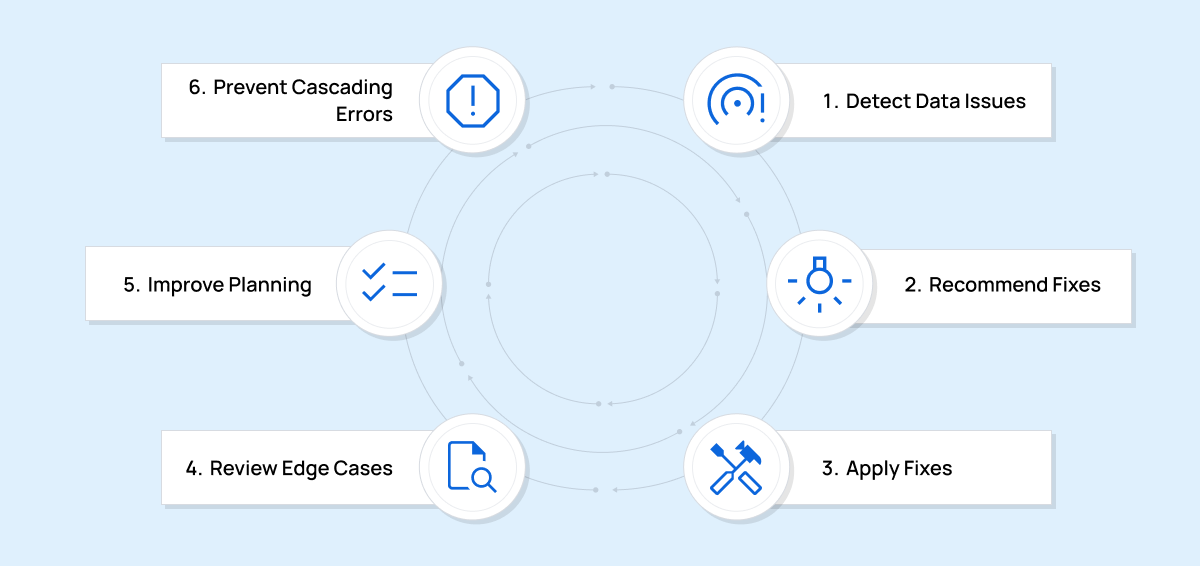 At scale, manual vigilance doesn’t work. The only sustainable model is continuous detection, recommended fixes, and automated corrections before bad data reaches forecasts, budgets, or allocations.
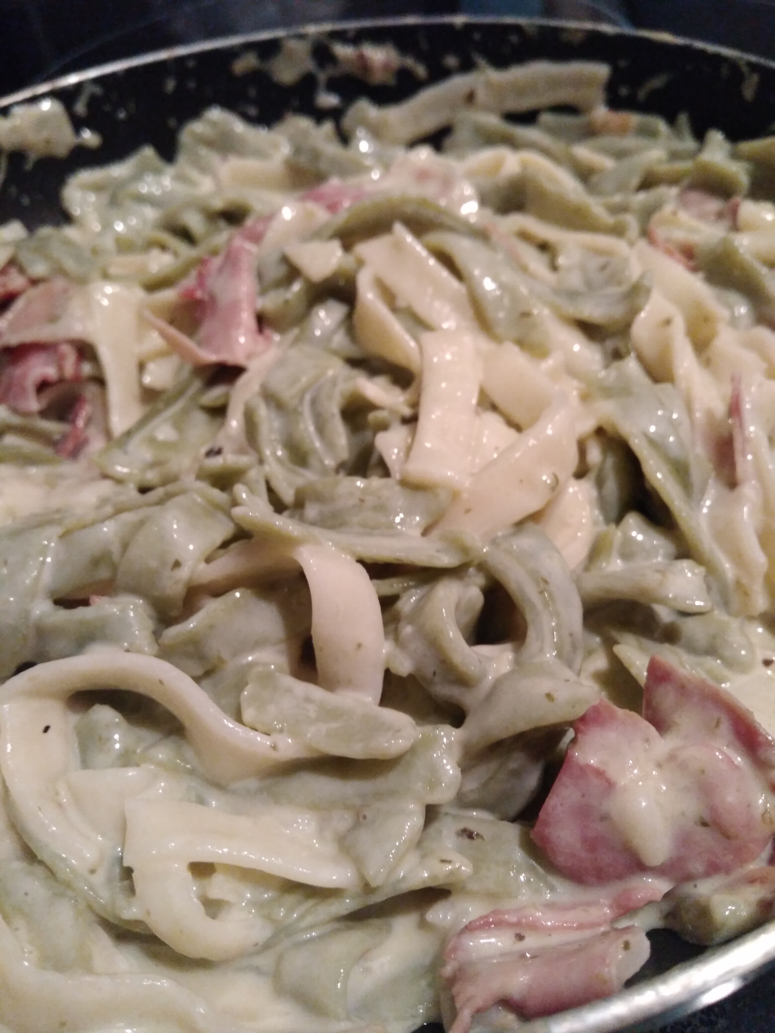 It’s one of these days that my inspiration comes from what is in my fridge and my really rumbling tummy, so todays recipe is a super quick and easy recipe (no surprise there). It takes no time to make (so perfect when your neighbours can hear your tummy grumble loudly!) and definitely no time to eat…. I like the cream that softens the strong basil flavour and balances it with the crisp and saltiness of the parmaham. And pasta…… I just quite like pasta 😁
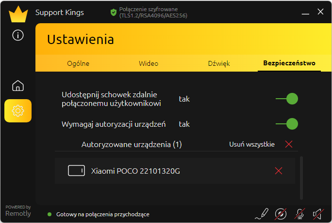 8. Upewnij się, że Twoje główne urządzenie (np. telefon lub komputer/laptop) jest autoryzowane na zdalnym komputerze, na którym zainstalowany jest QH. W poniższym przykładzie autoryzowany jest Xiaomi POCO. Będąc administratorem i posiadając swoje główne autoryzowane urządzenie możesz autoryzować połączenia przychodzące od innych użytkowników serwisujących dany komputer. Możesz również włączyć/wyłączyć udostępnianie schowka.
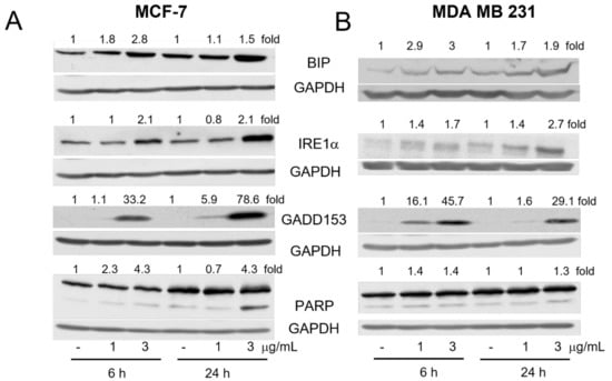 2b induces ER stress in breast cancer cells. Immunoblots for ER stress markers, BIP, IRE1α, GADD153 as well as PARP in MCF-7 (A) or MDA MB 231 cells (B) treated with DMSO or 2b (1 or 3 μg/mL) for 6 or 24 h. The blots were stripped and reprobed with the anti-GAPDH antibody to ensure equal protein loading. Densitometric scanning data after correction for loading control are above the immunoreactive bands (in the case of PARP quantification of faster migrating, cleaved fragments are shown).
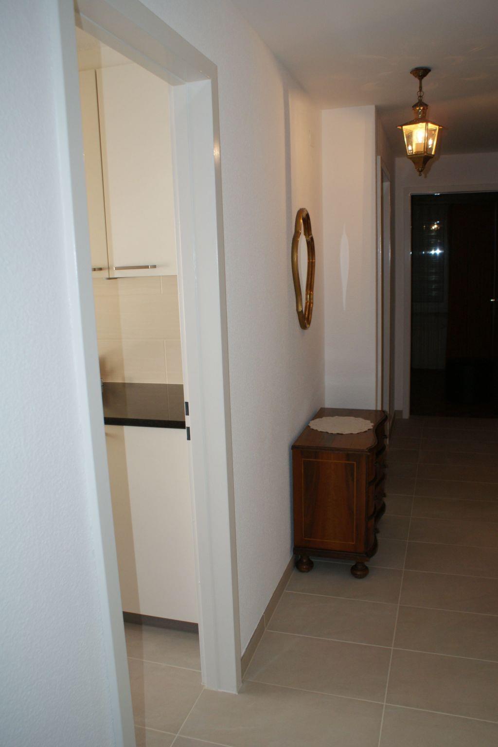 The outdoor area boasts a spacious 15 m² balcony, furnished with a table and 5 chairs, from which you can enjoy a wonderful view of the Brämabüel and the garden. The exterior façade and balcony of the flat have recently been renovated, which rounds off the external impression. Here you can relax at the end of the day while enjoying the fresh air.

··········

To do — The answer must be an exact copy of the lines from the one containing "8. Upewnij się, że" through the last line of the records, with no pictures included.

Answer space —
 8. Upewnij się, że Twoje główne urządzenie (np. telefon lub komputer/laptop) jest autoryzowane na zdalnym komputerze, na którym zainstalowany jest QH. W poniższym przykładzie autoryzowany jest Xiaomi POCO. Będąc administratorem i posiadając swoje główne autoryzowane urządzenie możesz autoryzować połączenia przychodzące od innych użytkowników serwisujących dany komputer. Możesz również włączyć/wyłączyć udostępnianie schowka.
 2b induces ER stress in breast cancer cells. Immunoblots for ER stress markers, BIP, IRE1α, GADD153 as well as PARP in MCF-7 (A) or MDA MB 231 cells (B) treated with DMSO or 2b (1 or 3 μg/mL) for 6 or 24 h. The blots were stripped and reprobed with the anti-GAPDH antibody to ensure equal protein loading. Densitometric scanning data after correction for loading control are above the immunoreactive bands (in the case of PARP quantification of faster migrating, cleaved fragments are shown).
 The outdoor area boasts a spacious 15 m² balcony, furnished with a table and 5 chairs, from which you can enjoy a wonderful view of the Brämabüel and the garden. The exterior façade and balcony of the flat have recently been renovated, which rounds off the external impression. Here you can relax at the end of the day while enjoying the fresh air.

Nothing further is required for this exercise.